# The loser!



## LVS (Apr 5, 2010)

I found this article very helpful and liked to share it with everyone of you who is going through difficulties in your relationship, not knowing why he/she is doing that? What is the solution? why you are walking on eggshells? or why your partner is leaving you? 
Are you moving fast in your relationship? Slowdown and take a look.......
You will find more answers.... Hope it is going to be helpful to both of you..

'The Loser' Warning Signs You're Dating a Loser

Best wishes


----------



## Powerbane (Nov 8, 2010)

Oh crap!

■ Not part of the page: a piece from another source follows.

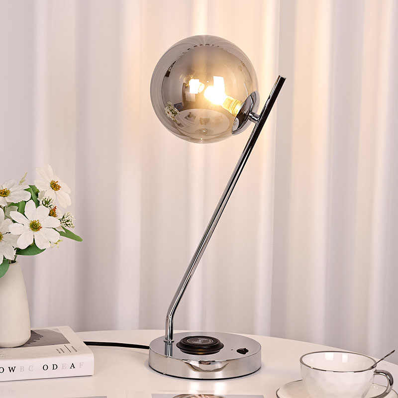Đèn bàn bóng thủy tinh tối màu kèm bộ sạc không dây được làm bằng đế kim loại và kính. Vỏ kính không chỉ mang lại cho đèn kết cấu trong suốt và tinh khiết mà còn khuếch tán ánh sáng hiệu quả, giúp ánh sáng dịu hơn và đồng đều hơn. Đế kim loại đã được đánh bóng và xử lý tinh xảo, với bề mặt mịn màng và tinh tế, tạo cảm giác thoải mái khi chạm vào và toát lên bầu không khí quý phái và trang nhã. Dù được đặt trong phòng ngủ, phòng khách hay phòng làm việc, chiếc đèn bàn này có thể hòa hợp hoàn hảo với môi trường xung quanh, tăng thêm bầu không khí hiện đại và nghệ thuật.

I see myself here too! 

I better just print it out and just pick one to talk with counselor this week!

Thanks for posting this!
_Posted via Mobile Device_


----------



## sisters359 (Apr 9, 2009)

This article should be a "stickie" for this site. 

And I'm surprised to see folks admit they see themselves in it-good for you; recognizing the problem is the first step toward fixing it!


----------



## LVS (Apr 5, 2010)

Sometimes it is hard to fix back a damaged relationship but never too late to make a change within ourselves.

For the abuser or the abused they are both at fault.
Both abuser and/or abused were also at certain point the victims of abuse in the past.

To be abuser also needs a common ground, the abused mistake is being the enabler.

Life is too short to waste it by blaming ourselves or the others. Whether we are abused or abusers a change could always be done and admitting the truth and holding the responsibility of our actions is the first step to make a new start!


Good luck everyone!!!


----------